Corey eyeballed his brother and then settled near the computer, checking out the screens. He pressed at the monitor. “The encryption is pretty integrated.”
“Can it be taken out?” Alice asked.
Corey tilted his head, thinking. “Maybe. It’ll take a few minutes to see.”
Alice held something in her hands, I saw a glint of something glass. She must have had more of that poison. She was going to give it to Corey somehow.
Avery moved then, quietly. He was right next to Alice.
He held something, a similar looking bottle. He was going to try to swap it out?
Avery the magician.
He needed a distraction though.
I was on the farthest side of the room. I considered what I had. The radio…
I pulled it from my pocket and fiddled with the buttons, but keeping the frequency. I pressed the call button, and rubbed my finger quietly over the mouthpiece.
A radio in the room went off. It crackled with noise.
Eddie pulled it from his pocket, adjusting the volume. He pushed the button and spoke into it. “Who’s that? Check in.”
When he released the button, he got more of the same crackling. I held the button down. If I kept the line busy, it meant they couldn’t communicate with people downstairs.
“Fuck this core,” Eddie said. “It’s messing with our signal or something.”
“Or something happened downstairs,” Alice said. She placed her poison on the sofa next to her to pat Corey. “Don’t pay any attention.”
There was a quick movement. Avery reached over the arm, replacing the poison.
I turned off the signal, and then pushed the button, sliding my finger across, trying to make different noises.
“Someone should go check on them,” Eddie said.
“No one moves,” Alice said. “We’re going to get out of here soon.”
It wasn’t much, but at least Alice didn’t have her poison.
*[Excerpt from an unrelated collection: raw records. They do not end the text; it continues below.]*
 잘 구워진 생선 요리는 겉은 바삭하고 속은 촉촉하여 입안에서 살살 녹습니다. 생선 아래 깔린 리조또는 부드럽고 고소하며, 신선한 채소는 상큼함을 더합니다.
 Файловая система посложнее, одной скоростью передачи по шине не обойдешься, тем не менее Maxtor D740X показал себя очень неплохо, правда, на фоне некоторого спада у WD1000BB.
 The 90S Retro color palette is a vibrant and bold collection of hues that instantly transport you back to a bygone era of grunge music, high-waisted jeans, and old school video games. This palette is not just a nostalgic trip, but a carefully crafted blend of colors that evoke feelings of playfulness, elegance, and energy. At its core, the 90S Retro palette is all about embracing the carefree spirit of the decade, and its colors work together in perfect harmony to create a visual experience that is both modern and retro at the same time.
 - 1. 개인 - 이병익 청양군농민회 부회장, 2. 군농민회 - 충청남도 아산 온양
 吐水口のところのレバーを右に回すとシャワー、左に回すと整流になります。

I was wondering if she even carried the cure.
She looked back at Corey, who was typing at the monitor. “Is it working yet?”
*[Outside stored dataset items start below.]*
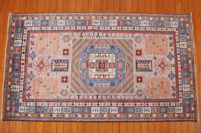 Kazaks are known for their indigo blues, reds and ivories, as well as their casual and warm appearance. Our Kazak rugs are almost entirely naturally-dyed, however, Kazak natural dyes are commercially farmed natural dyes (such as indigo and cochineal) and are therefore less labor intensive for our artisans than hand-gathered natural dyes. The reason for the phrase "almost entirely naturally-dyed" is because some artisans choose to augment their natural dyes with some commercially-available dyes in order to create the precise color they desire. The wool in Kazaks, like the wool found in Chobis and Gabbehs, is hand spun using a drop-spindle.
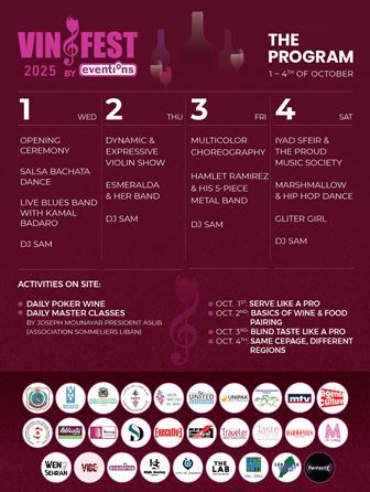 Vinifest festival has been celebrated for over 14 years, and it is a major professional and social event for the Lebanese people. Vinifest promises 4 days (1-2-3 and 4 of October 2025) of outstanding wine and food, with music and entertainment in the beautiful setting of the racecourse of Beirut. This festival is always a joyful event where Wine enthusiasts, connoisseurs, and industry experts from Lebanon and abroad should mark on their calendars.
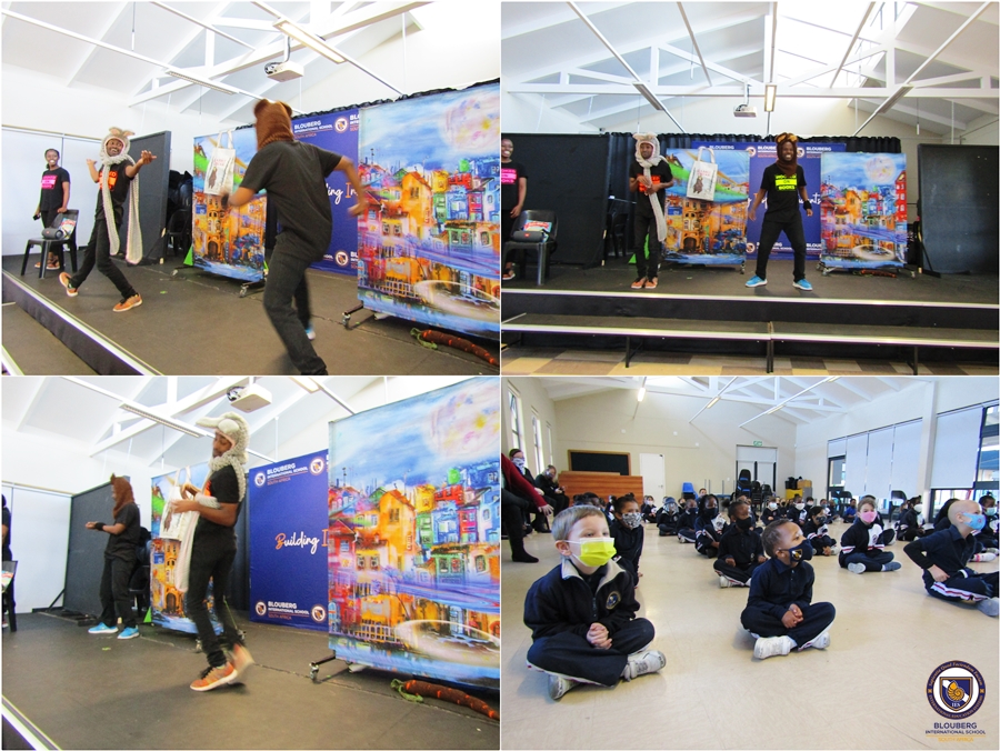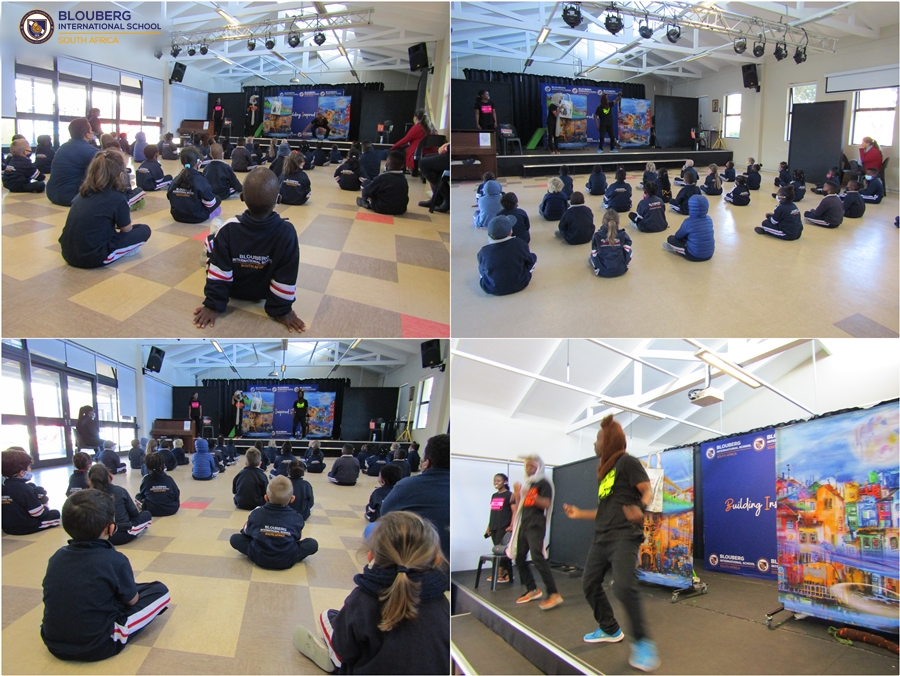 On Friday, 20th of August, we were elated to welcome the team from Hooked on Books to Blouberg International School. The annual event is a highlight in the school and it was with great excitement that the students lined up to go watch the performance in the Junior Hall.

“I’m not taking out the code,” Corey said. “If you want him to be able to continue using it and not notice it’s been altered, you’ll need the security packet to stay in place.”
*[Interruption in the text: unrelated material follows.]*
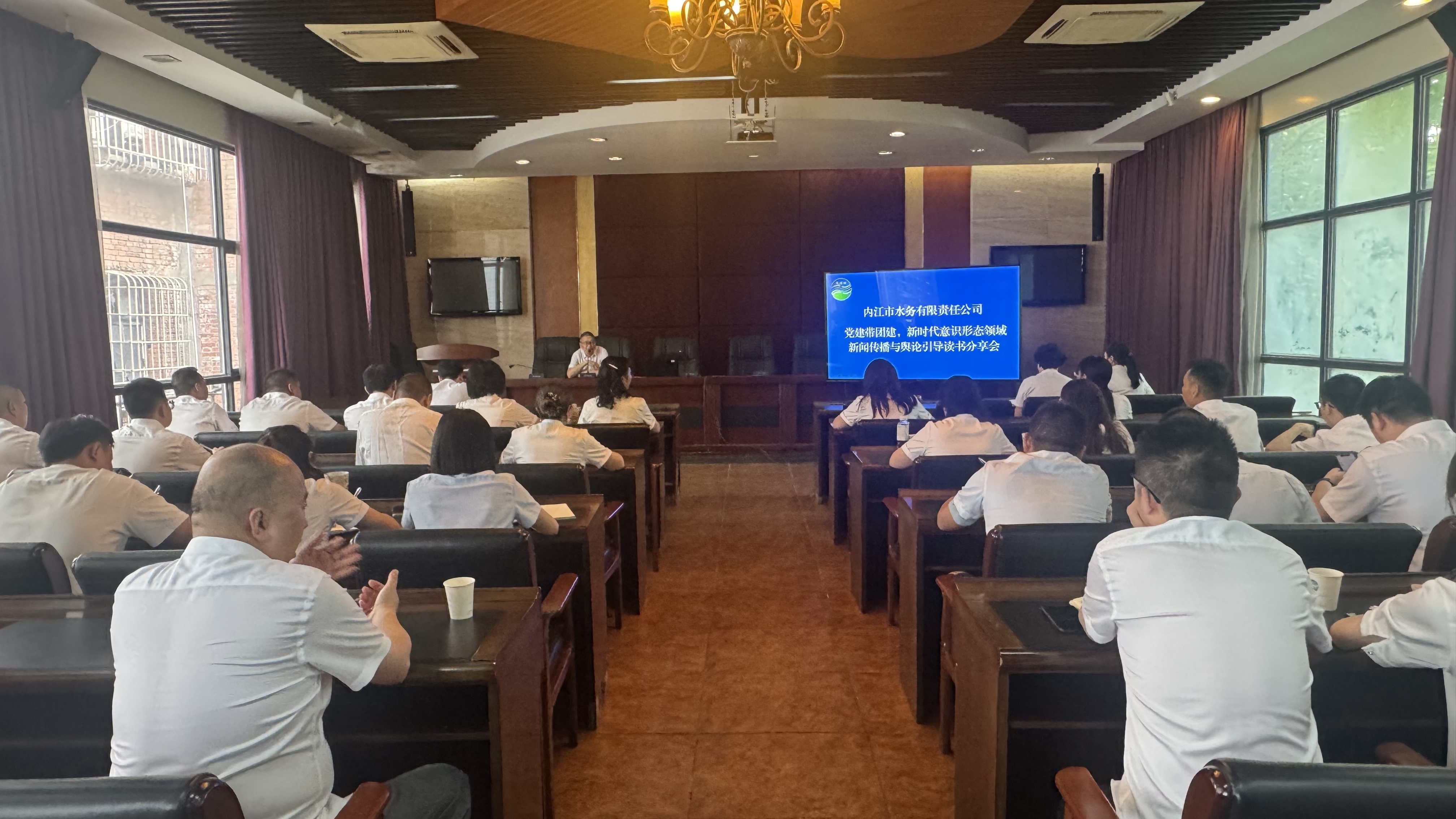 在新時代開放網絡環境深刻變化的背景下,為提升思想認識,筑牢輿論陣地,保障水務高質量發展。7月11日,市水務公司首次舉辦了以“黨建帶團建,新時代意識形態領域新聞傳播與輿論引導”為主題的讀書分享會。參會人員包括公司中層管理人員及團員,共計40余人。公司團委書記左海霞、辦公室吳凌霄分別進行了分享。

“Maybe you aren’t as smart as I thought you were,” Alice said. “I thought I made it clear that we want access to the data.”
“I’m not taking out the packet,” Corey said. “I’m changing it. It still secures the line, but it reroutes information to a single phone.” He looked up. “Tell me where you want the information sent to.”
Alice squinted at him. She looked at Eddie and then back at Corey. “What do you mean?”
“You’ll be part of the data collection,” Corey said. “You’ll get part of the information.”
“We don’t want
part
,” Eddie said. “She wants all of it.”
Corey shook his head. “How were you going to access the data, even if I simply left the encryption open? It only flows through here.”
“That’s why I married Ethan,” she said. “To stay here and collect data in pieces while I could, learning passcodes and secrets as I wished.”
“Look,” Corey said. He pointed at the screen. “You won’t have to do that. If I make a cell phone able to pick up chunks of data, you’ll be able collect some on the go. You don’t have to stay. To users, it’ll look like the service stalled a minute, but it’ll pick back up. They’ll just have to hit refresh.”
“And Ethan won’t notice?” she asked.
“Nope,” Corey said. He gave off a smile, a little crooked. He was forcing it. “You could walk away. Pick up the cell phone data from anywhere. You’ll just have to remember to clear your memory every once in a while. It won’t be everything, but it’s sacrificing all data for mobility.”
Eddie coughed and then shook his head. He nudged Alice’s arm. “That’s not what you wanted,” he said. “You can stay here and collect the data from the source. What’s to say he won’t just make it not work once we’re gone?”
Alice considered this, staring at Corey, as if weighing out his proposition. “We don’t need all of the data here,” she said. “A little at a time to make use of…And all directed to a singular cell phone.”
“Just tell me the number where to send the data,” Corey said. “The security dog packet will remove the encryption just before the last tower, and the final destination of the receiving call. That means you pick it up after the encryption.